## PROBLEM DESCRIPTION
Whenever an image turns up, omit it and return the remaining data exactly.

## DATASET CONTENT
- Opening Delimiter -
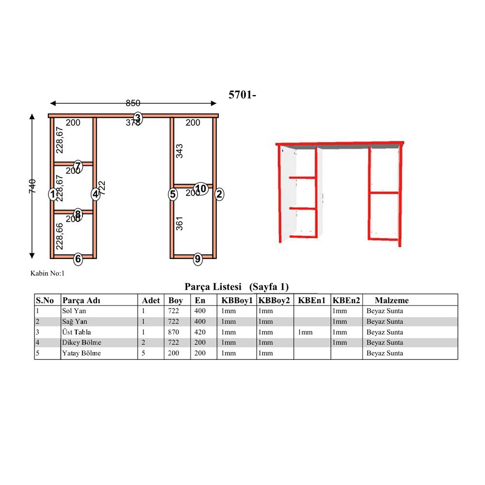 Malzeme: 18 mm kalınlığında yonga kaplı levha, Yıldız Entegre markasının kaliteli malzemesiyle üretilmiştir.
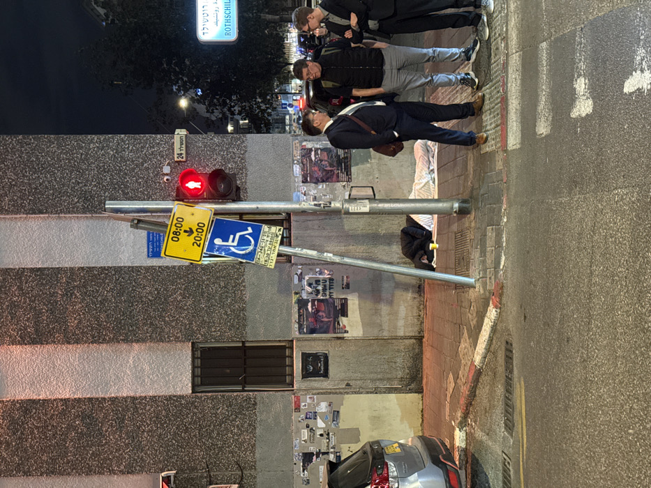 A street scene at night features pedestrians walking along a sidewalk. A traffic light displays a red pedestrian signal. Street signs indicating "Rothschild" and handicap parking (08:00 to 20:00) are visible. Posters are plastered on a wall next to a building with a dark window. A parked car's rear end is partially visible. The ground is paved, showing some wear and tear.
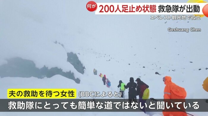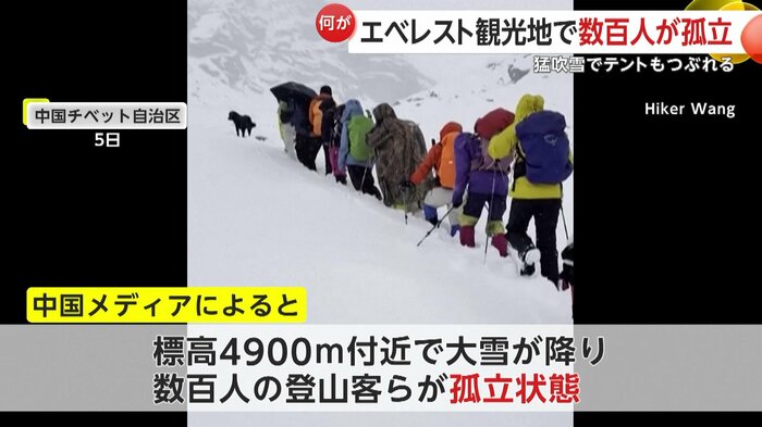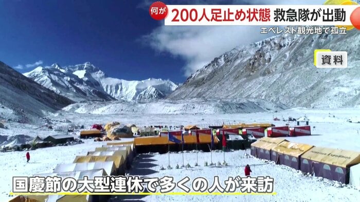 世界最高峰の山、エベレストが見える標高4900メートルのキャンプ地で数百人の登山者らが孤立している。大雪による積雪が原因で、当局が救助活動に向けた作業を始めているが、足止め状態の約200人とは連絡が取れているという。
- Closing Delimiter -
## SOLUTION TO THIS TASK
 Malzeme: 18 mm kalınlığında yonga kaplı levha, Yıldız Entegre markasının kaliteli malzemesiyle üretilmiştir.
 A street scene at night features pedestrians walking along a sidewalk. A traffic light displays a red pedestrian signal. Street signs indicating "Rothschild" and handicap parking (08:00 to 20:00) are visible. Posters are plastered on a wall next to a building with a dark window. A parked car's rear end is partially visible. The ground is paved, showing some wear and tear.
 世界最高峰の山、エベレストが見える標高4900メートルのキャンプ地で数百人の登山者らが孤立している。大雪による積雪が原因で、当局が救助活動に向けた作業を始めているが、足止め状態の約200人とは連絡が取れているという。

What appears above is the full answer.